**** Source material

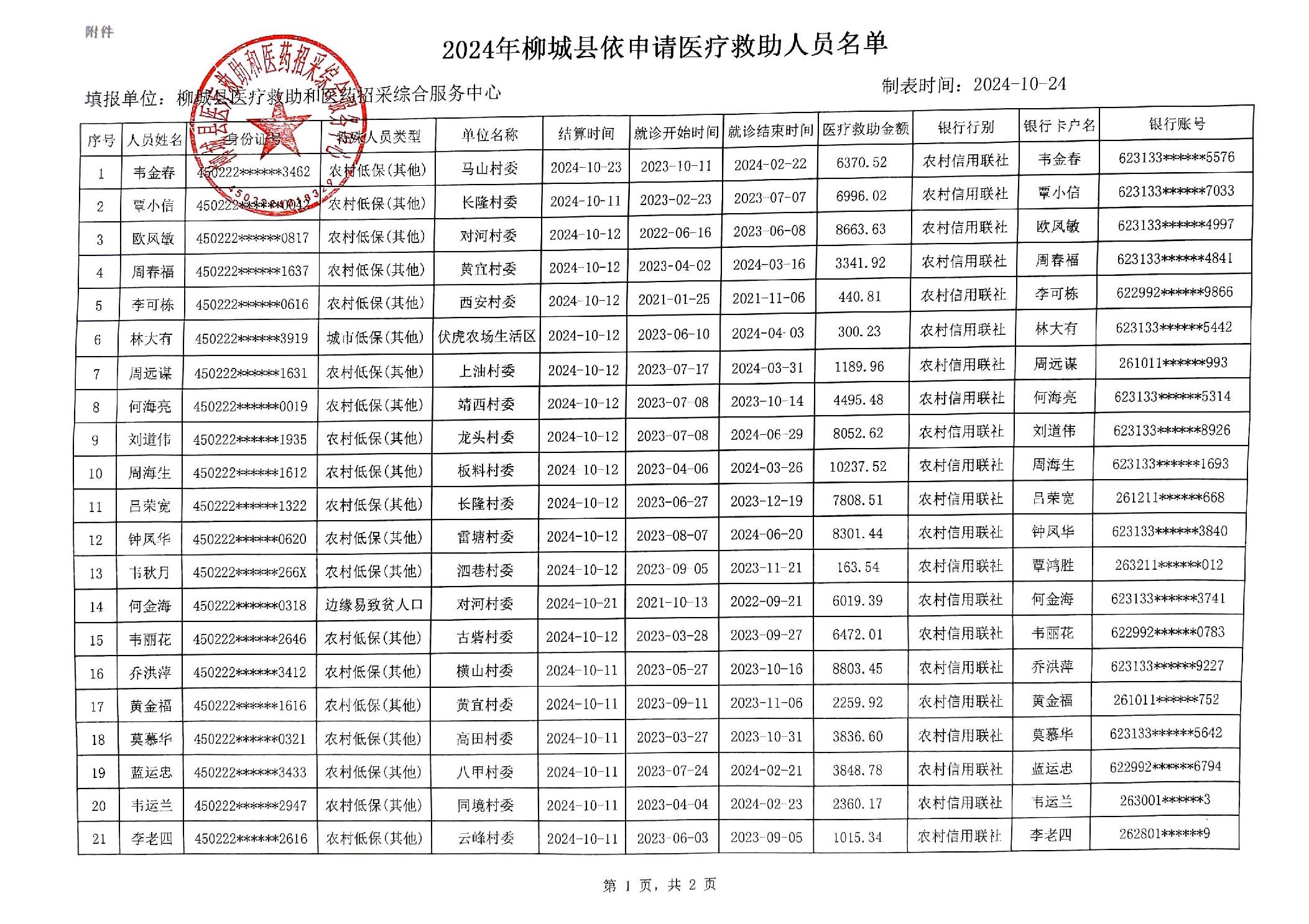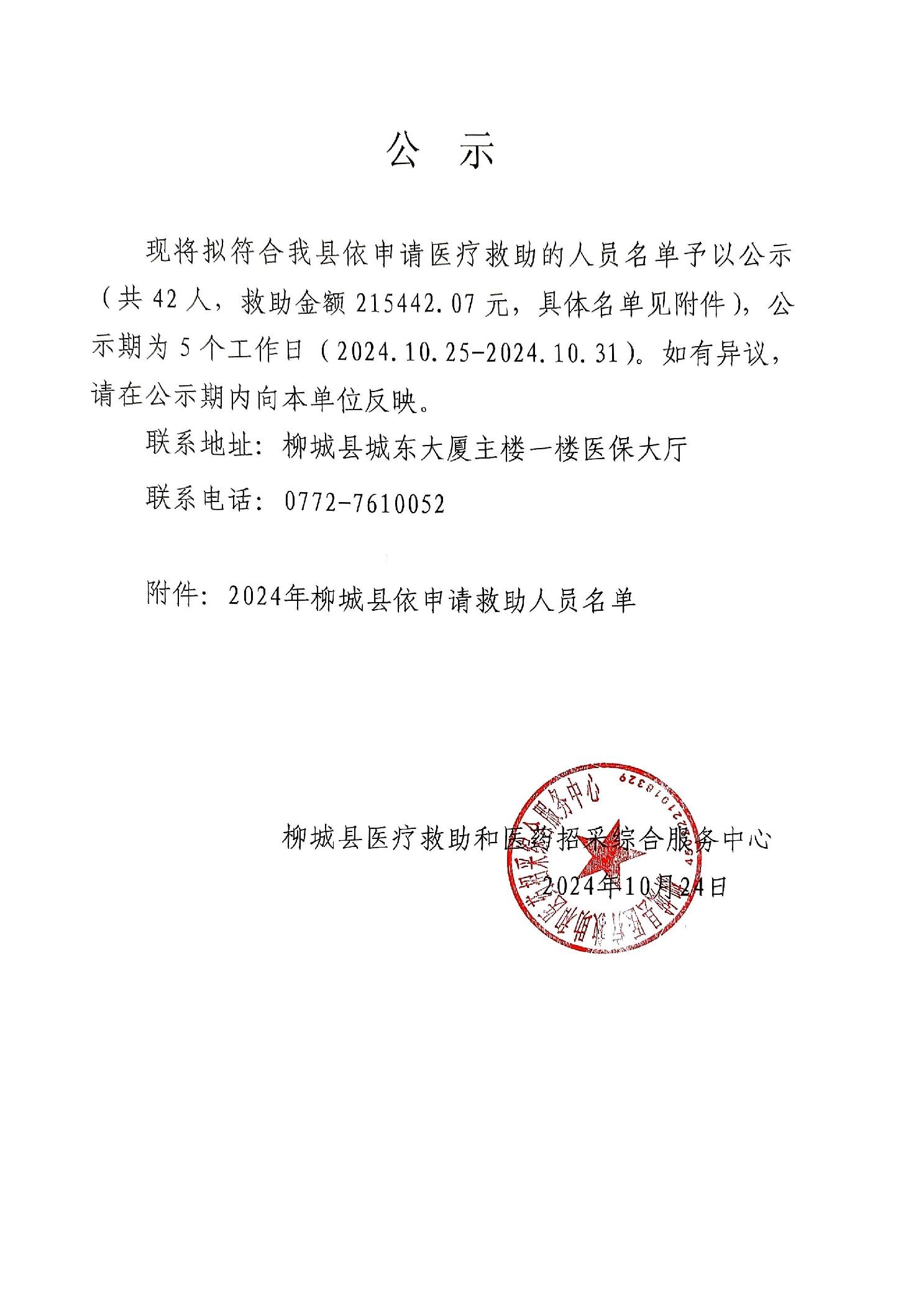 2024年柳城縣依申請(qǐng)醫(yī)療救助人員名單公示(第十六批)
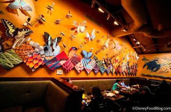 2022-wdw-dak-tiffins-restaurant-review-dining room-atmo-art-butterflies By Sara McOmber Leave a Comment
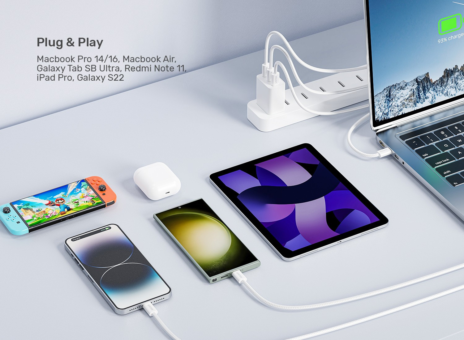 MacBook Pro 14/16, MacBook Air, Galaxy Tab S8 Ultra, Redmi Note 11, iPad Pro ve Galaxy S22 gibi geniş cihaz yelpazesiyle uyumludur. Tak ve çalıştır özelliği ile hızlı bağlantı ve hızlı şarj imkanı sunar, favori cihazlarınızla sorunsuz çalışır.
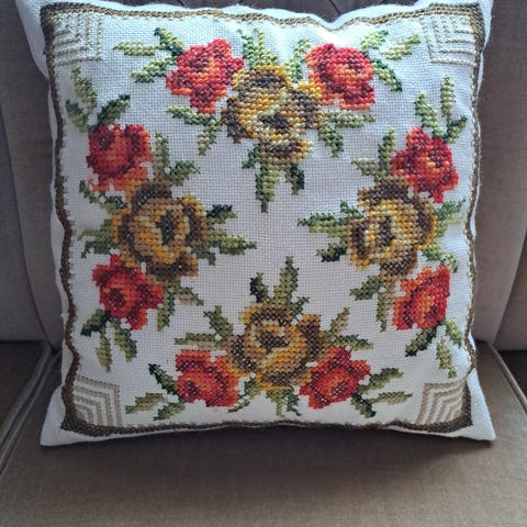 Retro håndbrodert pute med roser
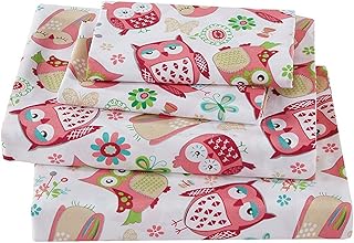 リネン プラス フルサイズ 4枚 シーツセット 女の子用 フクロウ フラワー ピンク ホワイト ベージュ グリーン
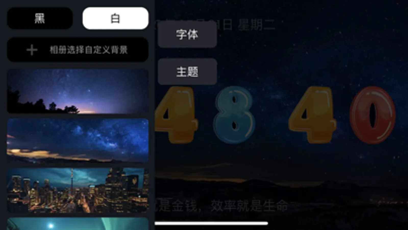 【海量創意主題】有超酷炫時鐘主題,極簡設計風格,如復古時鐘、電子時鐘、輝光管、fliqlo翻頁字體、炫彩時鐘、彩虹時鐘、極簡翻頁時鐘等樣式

********

In transcribing the records, omit the pictures and keep everything else exactly as it appears.

> Reply:
 2024年柳城縣依申請(qǐng)醫(yī)療救助人員名單公示(第十六批)
 2022-wdw-dak-tiffins-restaurant-review-dining room-atmo-art-butterflies By Sara McOmber Leave a Comment
 MacBook Pro 14/16, MacBook Air, Galaxy Tab S8 Ultra, Redmi Note 11, iPad Pro ve Galaxy S22 gibi geniş cihaz yelpazesiyle uyumludur. Tak ve çalıştır özelliği ile hızlı bağlantı ve hızlı şarj imkanı sunar, favori cihazlarınızla sorunsuz çalışır.
 Retro håndbrodert pute med roser
 リネン プラス フルサイズ 4枚 シーツセット 女の子用 フクロウ フラワー ピンク ホワイト ベージュ グリーン
 【海量創意主題】有超酷炫時鐘主題,極簡設計風格,如復古時鐘、電子時鐘、輝光管、fliqlo翻頁字體、炫彩時鐘、彩虹時鐘、極簡翻頁時鐘等樣式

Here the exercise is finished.